Fractalkine/CX3CL1 Functions as a Transmembrane Receptor to Promote Transendothelial Migration through glycan-dependent condensation

Introduction/Rationale: Biomolecular condensation provides a fundamental mechanism for organizing signaling complexes within cells. However, its occurrence on the cell surface—rich in glycans and exposed to dynamic extracellular forces—remains poorly understood. Fractalkine (CX3CL1), an endothelial membrane-bound chemokine, is heavily O-glycosylated and interacts with the monocyte receptor CX3CR1. Although fractalkine is known to mediate monocyte adhesion and migration, how its glycosylation drives condensate formation and endothelial signaling has not yet been elucidated.

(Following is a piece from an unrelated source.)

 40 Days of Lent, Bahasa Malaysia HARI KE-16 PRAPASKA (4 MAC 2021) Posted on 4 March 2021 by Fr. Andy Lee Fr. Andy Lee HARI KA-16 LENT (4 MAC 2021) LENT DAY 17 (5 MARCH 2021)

Methods: We combined live-cell imaging, biochemical reconstitution, and a newly applied mucinase-based O-glycoproteomic approach to dissect the mechanism of fractalkine condensate formation. This strategy enabled site-specific mapping of O-glycosylation within the mucin domain and identification of key sialylated residues critical for condensate assembly. Functional analyses using glycosylation-deficient HUVEC mutants, including transendothelial migration assays, were performed to evaluate the impact of glycans on condensate formation and endothelial signaling.

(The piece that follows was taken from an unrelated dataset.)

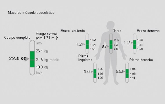Los resultados de la GCC se confirman aquí. La SMM está por encima del promedio. Además, es claro que las piernas tienen más músculo que los demás segmentos. Este estado físico es común en los corredores.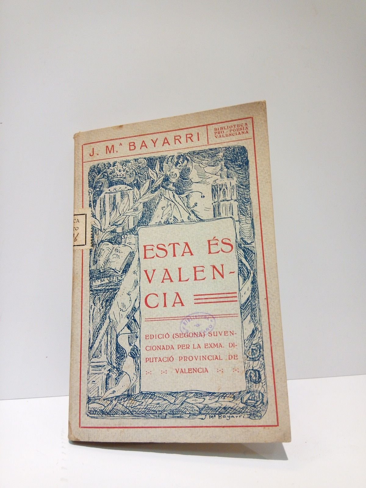 2ª Ed.- Valencia: Diputación Provincial de Valencia, 1923.- 138 p.: Ilustraciones; 8º (18,7 x 12,3 cm); Texto en valenciano; Parcialmente intonso; Cartulina Ed. ilustrada.- (Bibl. Pro-Poesía Valenciana).* Presenta signos de humedad y unos pequeños sellos tampón de la Bibl. V. Alfaro en algunas páginas, aunque no afectan texto. VALENCIA

Results: We found that endothelial membrane-bound fractalkine forms glycan-dependent condensates at the monocyte–endothelium interface. CX3CR1 engagement induces these condensates in a glycan-dependent manner. Glycoproteomic mapping revealed that a specific site of sialylated O-glycans is critical for these processes. The formation of these endothelial fractalkine condensates promotes the recruitment and activation of VEGFR2, leading to calcium influx and the upregulation of adhesion molecules, thereby enhancing monocyte transendothelial migration.

Conclusion: Our findings uncover a sialylation-dependent biomolecular condensate that mediates bidirectional fractalkine–CX3CR1 signaling. By recruiting and activating VEGFR2, this condensate links cell-surface glycosylation to endothelial signaling and immune cell migration, revealing a new paradigm of glycan-controlled cell-surface condensation.